In terms of computational resources, StringTie2 had by far the smallest computational footprint, finishing in under 3 min and with <30 MB of RAM. Freddie had a memory footprint of ∼1.4GB while FLAIR memory use maxed at 9.1 GB. FLAIR outperformed Freddie in CPU time use, occupying the CPU for 77 min compared with Freddie’s 125 min. Note that roughly two-thirds of Freddie’s CPU time is spent in the Gurobi ILP solver. For the full details of the computational resource use of the different tools, including the different stages of Freddie, refer to Supplementary Tables S1 and S2.
Assessing the resolution of exon boundaries
The alignment-based similarity provides us with a good assessment of the structure of the predicted isoforms and their ground truth counterparts. However, it is also important to understand the accuracy of the exact locations of exon boundaries generated by the different tools. Therefore, we extracted the set genomic locations of the exon boundaries of the GTIs and of the predicted isoforms of each tool. For each tool, we counted for each exon boundary locus the number of ground truth exon boundaries it has as a neighbor in a neighborhood of ±10 bp. Figure 8 illustrates a histogram of these counts for the tested tools. As expected, we observe that FLAIR has the highest exon boundary resolution, with its histogram tightly concentrated at position zero. Freddie and StringTie2 have similar distributions. Generally speaking, all tools have histograms tightly concentrated around the zero position, indicating high base-level resolution across all tools.
Real data experiments
Data generation
We generated a real mRNA transcriptomic dataset using the Oxford Nanopore Technologies PromethION cDNA sequencing platform (chemistry kit SQK-PBK004 and R9.4.1 flow cell). We also generated a matched RNA-seq paired SR dataset using Illumnia’s HiSeq 2x150 sequencing platform. The mRNA material for both datasets was extracted from the same LNCaP prostate cancer cell line This cell line is widely used as a first step model for stages of prostate cancer. In these experiments, we focused on a randomly selected set of 294 genes with various degrees of expected isoform complexity (according to the ENSEMBL database). The selection process is detailed on a Jupyter notebook in Section S3 of the Supplementary Data.

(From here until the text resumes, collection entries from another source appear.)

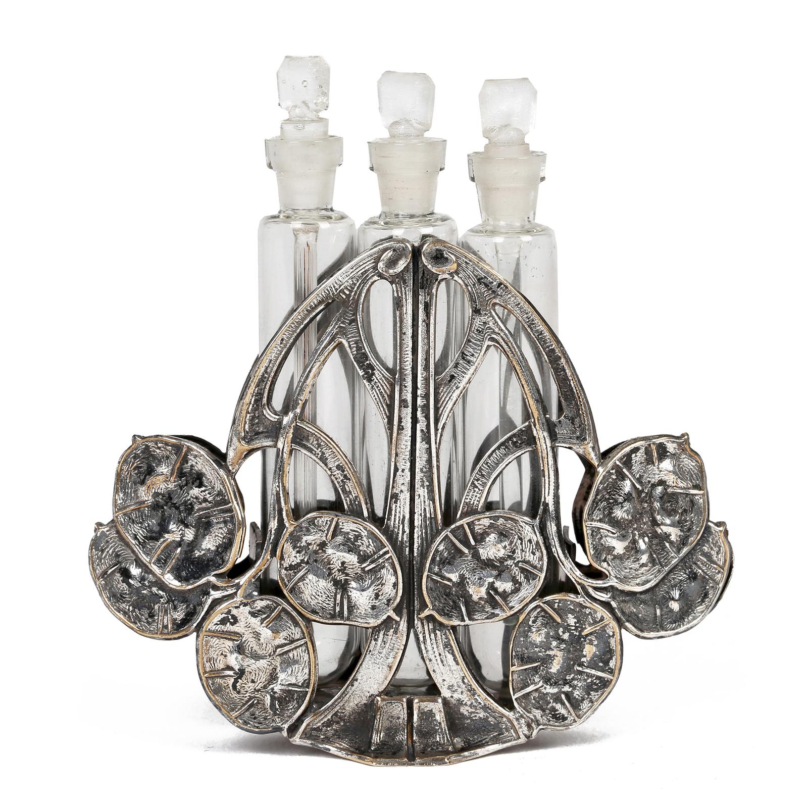 Continental Art Nouveau Silver Plated Scent Bottle Holder with Three Scent Bottles
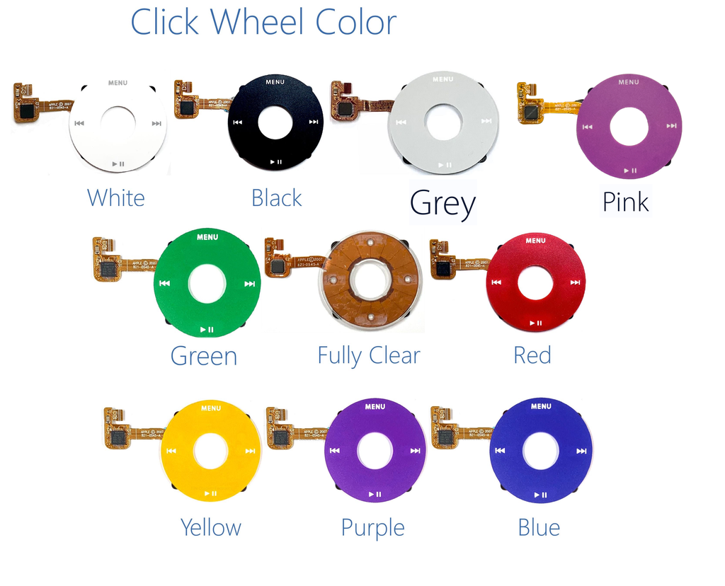 Faceplate Color / Click Wheel Color / Center Button Color / Backplate Color
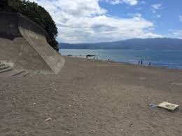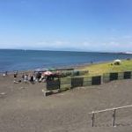 狩野川河口に発達した砂浜の海水浴場で、遠浅で水も澄み、沼津の海水浴場の穴場です。夏のシーズンには、地元の方々や大勢の人々がBBQを楽しんでいます。すぐ近くには沼津にゆかりの深い歌人、芹沢光治良の文学館もあります。文学館に隣接する我入道公園では、小さいお子さんも楽しくあそべる遊具があります。海で釣りをしたり、泳いだり、BBQも楽しめます。
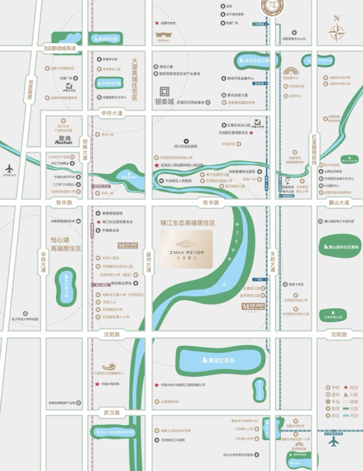 项目四面环湖,公园环绕(滨水公园、南湖湿地公园、红石公园、麓客岛、海昌极地海洋公园),绝佳的地理位置,占据最佳的生态资源,尽享公园城市生活。项目正门口即是约400米江景滨水公园绵延约20公里,北侧2.5公里的南湖湿地公园、南侧3.1公里的红石公园及麓客岛、东侧3.3公里的海昌极地海洋公园。据统计,锦江生态带板块内总生态体量近万亩,生态绿化保有量在整个成都版图上是排名第一且唯一的。
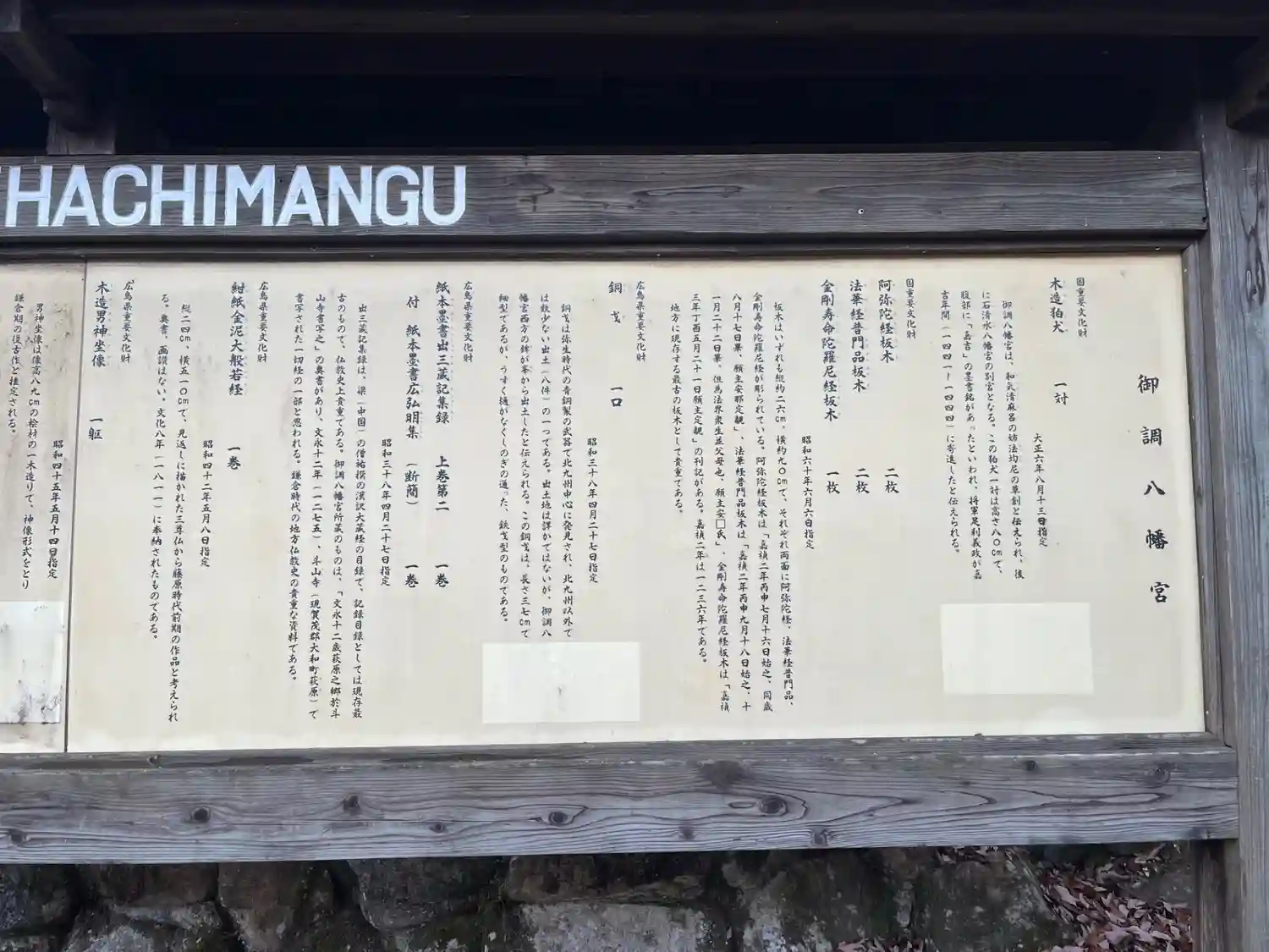 | 文化財 | 【重要文化財】狛犬1対、木造行道面13面(附:木造菩薩面3面)、木造僧形八幡神坐像2躯、木造僧形神坐像1躯、木造女神坐像3躯、木造天部形立像1躯、阿弥陀経板木2枚・法華経普門品板木2枚・金剛寿命陀羅尼経板木1枚
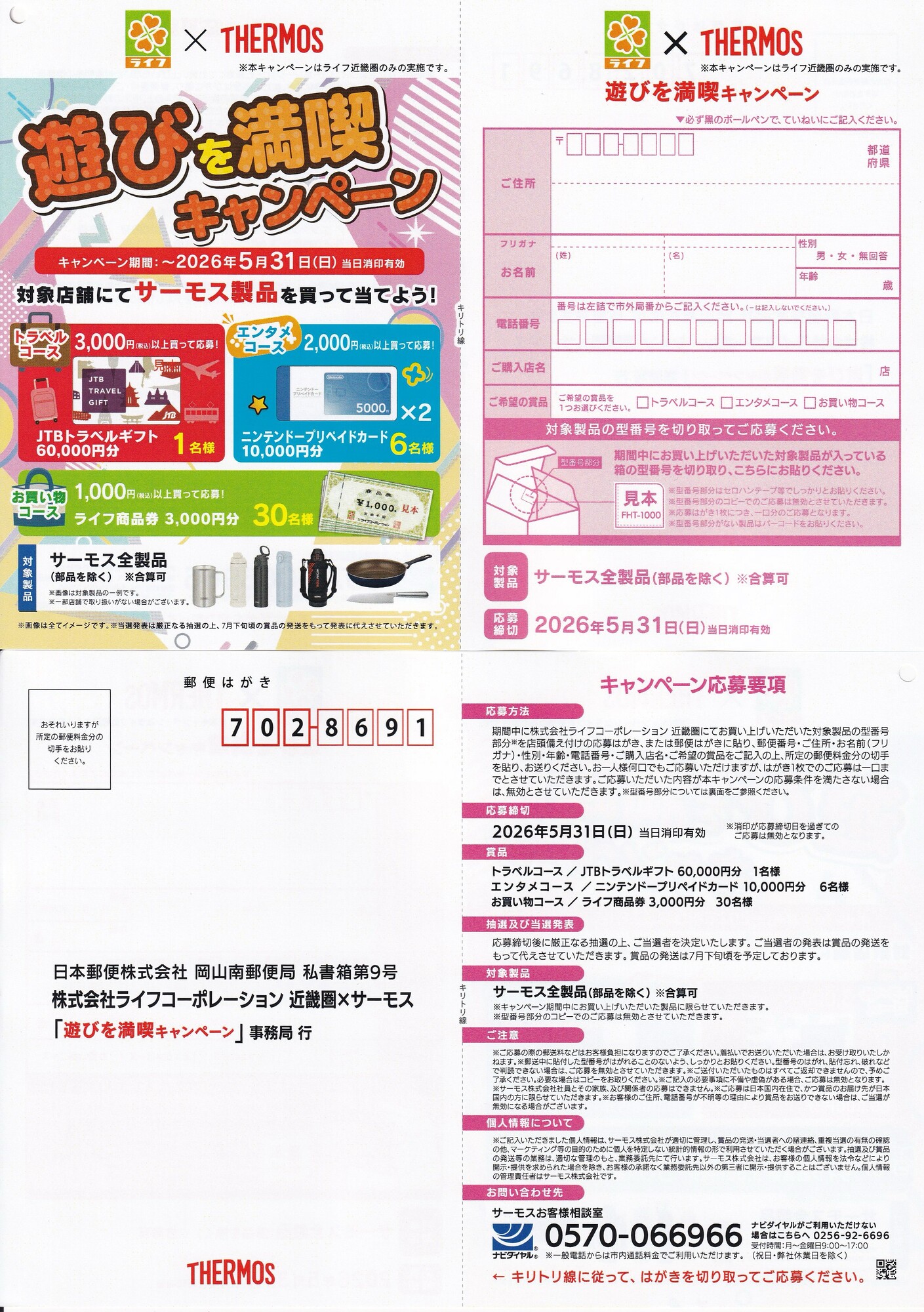 ライフ近畿圏×サーモス 遊びを満喫キャンペーン 懸賞ハガキ

Short-read validation of detected isoform splice junctions
Since this is a real dataset, it is not appropriate to use the annotations as an absolute ground truth. However, it is still informative to compare the isoform calls by different tools against each other and against the annotation database. To do that, we used our approach of matching isoforms using their structures. Note that here, we use the isoform intron intervals instead of their exons to compare the different isoforms since we expect a greater degree of early sequencing termination in the real dataset compared with the simulated dataset. We also used the matching SR RNA-seq data as a means of validating the detected isoforms. Our assumption here is that if a splice junction is detected by one of the three tools using the LR dataset, it should also be detectable using the SR dataset. Thus, this SR validation offers a means to detect false-positive isoforms if they include invalidated splice junctions. We used STAR RNA-seq aligner to detect SR-supported splice junctions (33). In the following results, we assume that any LR-detected splice junction is valid if it is detected by STAR using the matched SR dataset, allowing for up to ±10 bp shifts. Then, we also assume that an LR-detected isoform is valid if all of its splice junctions are valid. Figure 9 shows, using an UpSet plot, the intersections of the detected isoforms of the three tools and the ENSEMBL database on the real LNCaP dataset and the number of validated isoforms of each intersection. Supplementary Figure S6 shows the same intersections but at the level of introns instead of isoforms.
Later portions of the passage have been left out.